### [SOURCE DATA]
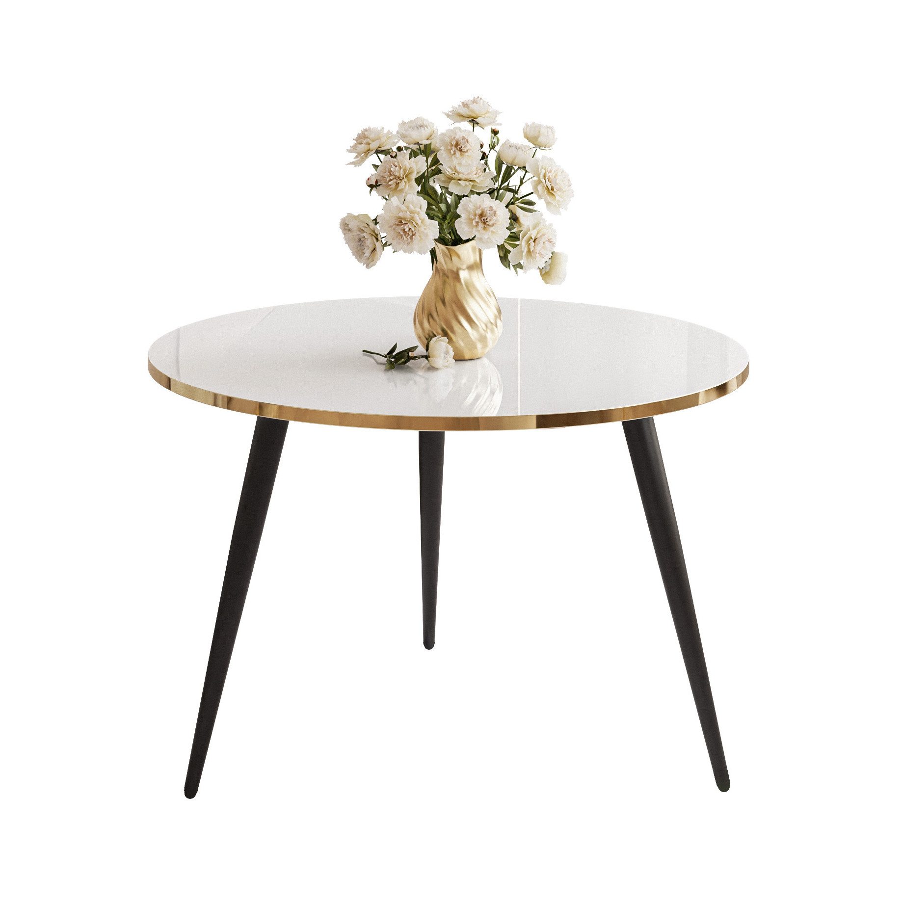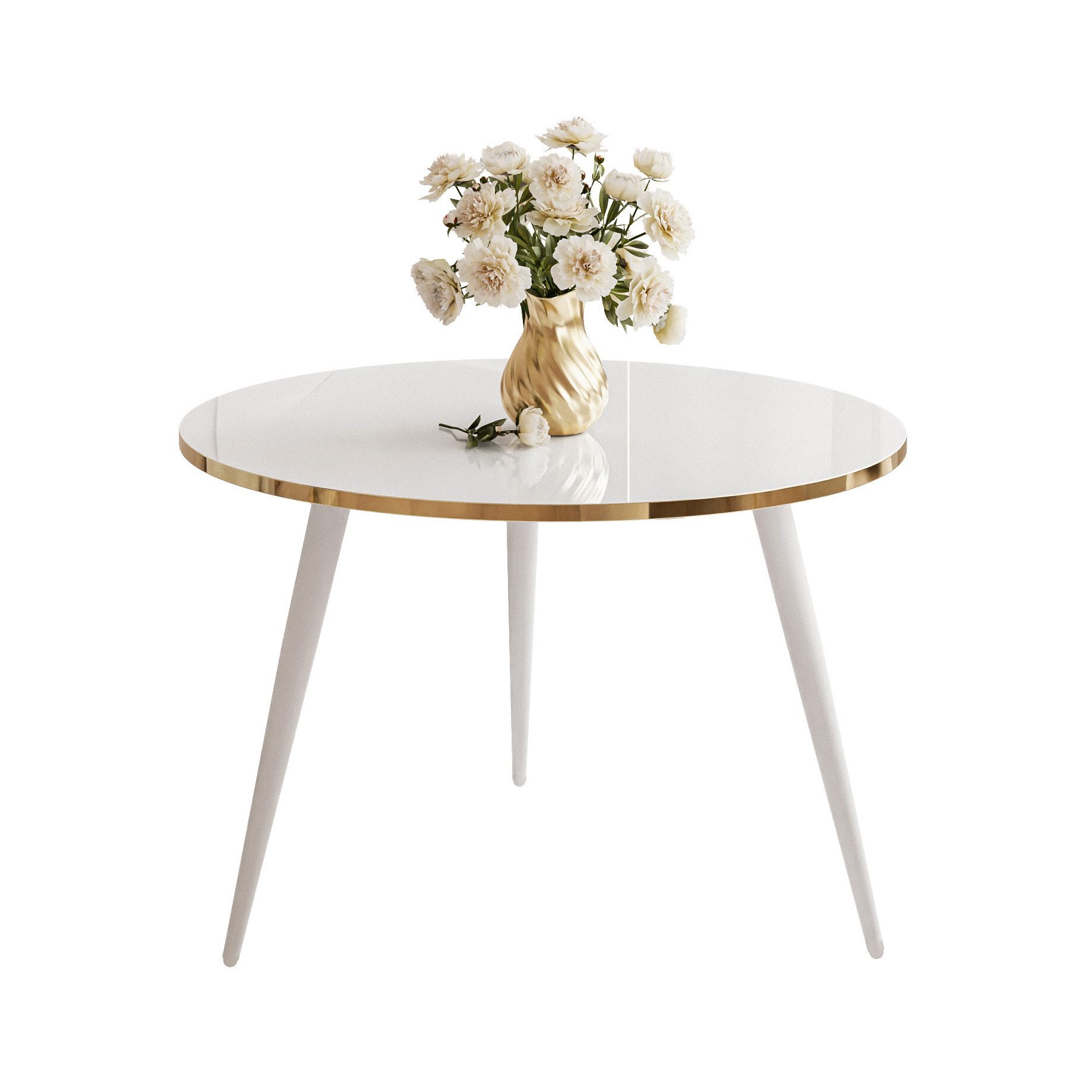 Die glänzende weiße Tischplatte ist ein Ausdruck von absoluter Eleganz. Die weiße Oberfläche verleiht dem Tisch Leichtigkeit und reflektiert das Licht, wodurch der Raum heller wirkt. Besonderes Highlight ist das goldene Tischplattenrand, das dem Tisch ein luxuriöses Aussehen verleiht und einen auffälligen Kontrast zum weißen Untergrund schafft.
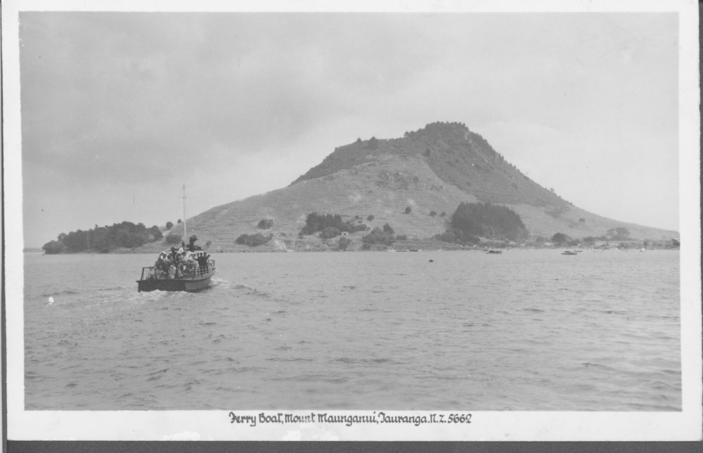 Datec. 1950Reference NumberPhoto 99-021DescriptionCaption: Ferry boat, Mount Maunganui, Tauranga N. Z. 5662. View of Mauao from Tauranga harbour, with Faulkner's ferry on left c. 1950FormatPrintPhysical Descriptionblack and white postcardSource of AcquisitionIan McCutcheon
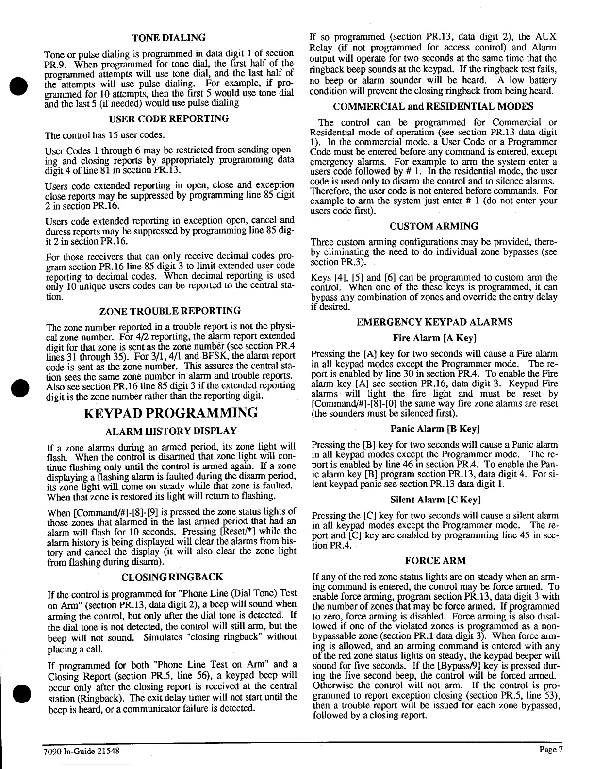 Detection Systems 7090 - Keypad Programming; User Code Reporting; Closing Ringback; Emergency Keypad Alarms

...

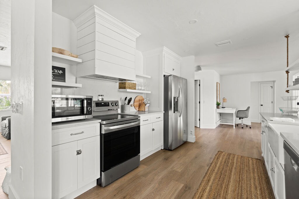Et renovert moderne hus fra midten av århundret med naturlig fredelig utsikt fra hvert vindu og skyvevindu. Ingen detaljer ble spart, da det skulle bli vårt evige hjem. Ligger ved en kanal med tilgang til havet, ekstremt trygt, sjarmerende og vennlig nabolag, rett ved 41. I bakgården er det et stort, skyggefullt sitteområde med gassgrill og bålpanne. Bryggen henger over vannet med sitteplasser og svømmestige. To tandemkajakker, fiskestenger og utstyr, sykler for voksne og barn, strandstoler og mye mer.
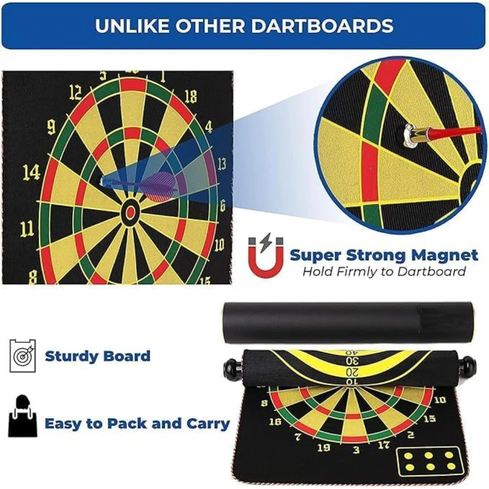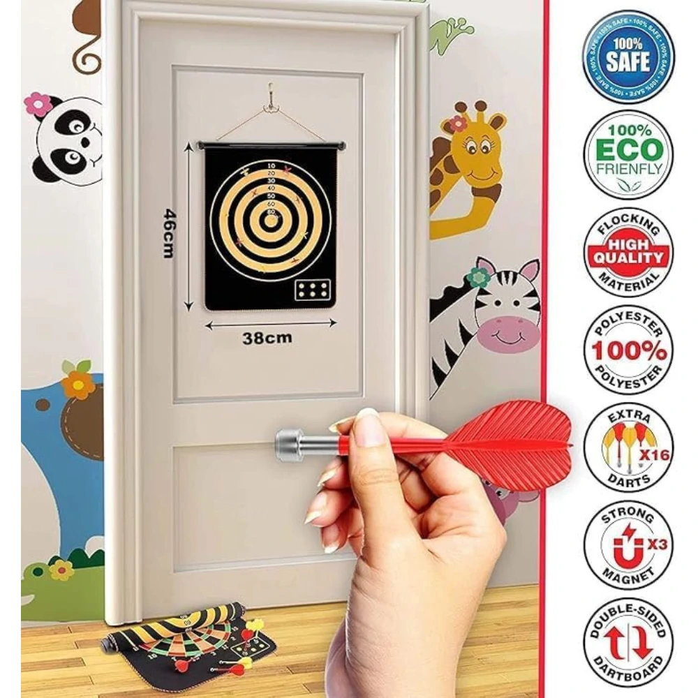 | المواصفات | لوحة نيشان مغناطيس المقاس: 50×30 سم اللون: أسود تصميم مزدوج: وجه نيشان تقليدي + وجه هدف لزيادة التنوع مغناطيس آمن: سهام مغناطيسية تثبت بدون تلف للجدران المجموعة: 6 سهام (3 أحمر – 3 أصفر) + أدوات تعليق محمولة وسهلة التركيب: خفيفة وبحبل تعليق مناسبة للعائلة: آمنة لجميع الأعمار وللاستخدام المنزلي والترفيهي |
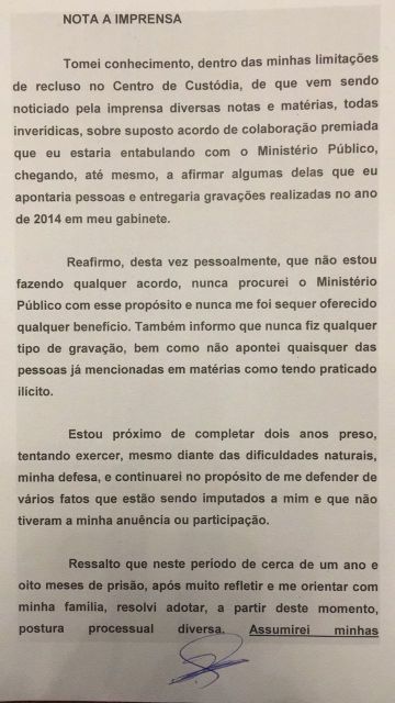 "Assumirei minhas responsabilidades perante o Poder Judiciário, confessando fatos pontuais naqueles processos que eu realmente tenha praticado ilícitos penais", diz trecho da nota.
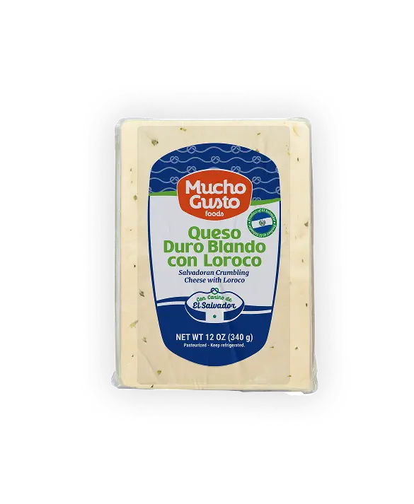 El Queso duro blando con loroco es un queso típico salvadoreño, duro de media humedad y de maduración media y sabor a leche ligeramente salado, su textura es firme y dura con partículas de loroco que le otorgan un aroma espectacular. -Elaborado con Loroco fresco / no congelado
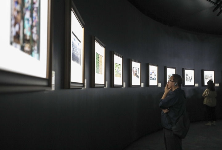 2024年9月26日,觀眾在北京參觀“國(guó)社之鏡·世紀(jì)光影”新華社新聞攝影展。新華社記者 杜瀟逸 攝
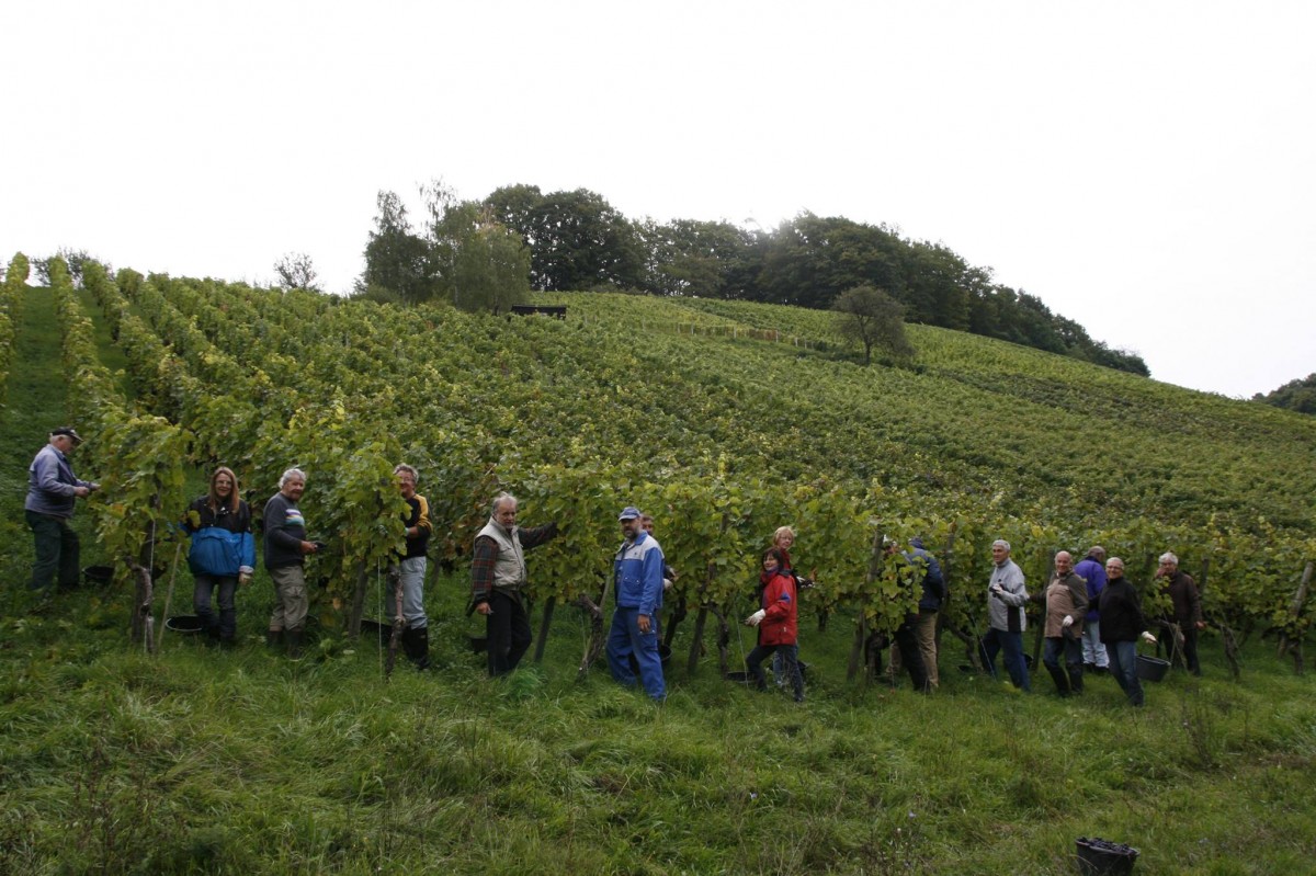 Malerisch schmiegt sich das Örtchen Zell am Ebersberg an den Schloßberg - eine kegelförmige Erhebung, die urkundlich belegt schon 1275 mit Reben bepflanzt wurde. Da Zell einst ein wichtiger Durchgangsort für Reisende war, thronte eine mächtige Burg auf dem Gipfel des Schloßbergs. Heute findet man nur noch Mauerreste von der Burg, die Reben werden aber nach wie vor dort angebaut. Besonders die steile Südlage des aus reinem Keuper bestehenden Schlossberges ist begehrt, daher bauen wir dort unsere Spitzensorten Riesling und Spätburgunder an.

### [PROMPT]
Above are some records. Reproduce the lines from the one with "El Queso duro" down to the one with "Malerisch schmiegt sich", keeping both, and leave every picture out.

### [THE ANSWER]
 El Queso duro blando con loroco es un queso típico salvadoreño, duro de media humedad y de maduración media y sabor a leche ligeramente salado, su textura es firme y dura con partículas de loroco que le otorgan un aroma espectacular. -Elaborado con Loroco fresco / no congelado
 2024年9月26日,觀眾在北京參觀“國(guó)社之鏡·世紀(jì)光影”新華社新聞攝影展。新華社記者 杜瀟逸 攝
 Malerisch schmiegt sich das Örtchen Zell am Ebersberg an den Schloßberg - eine kegelförmige Erhebung, die urkundlich belegt schon 1275 mit Reben bepflanzt wurde. Da Zell einst ein wichtiger Durchgangsort für Reisende war, thronte eine mächtige Burg auf dem Gipfel des Schloßbergs. Heute findet man nur noch Mauerreste von der Burg, die Reben werden aber nach wie vor dort angebaut. Besonders die steile Südlage des aus reinem Keuper bestehenden Schlossberges ist begehrt, daher bauen wir dort unsere Spitzensorten Riesling und Spätburgunder an.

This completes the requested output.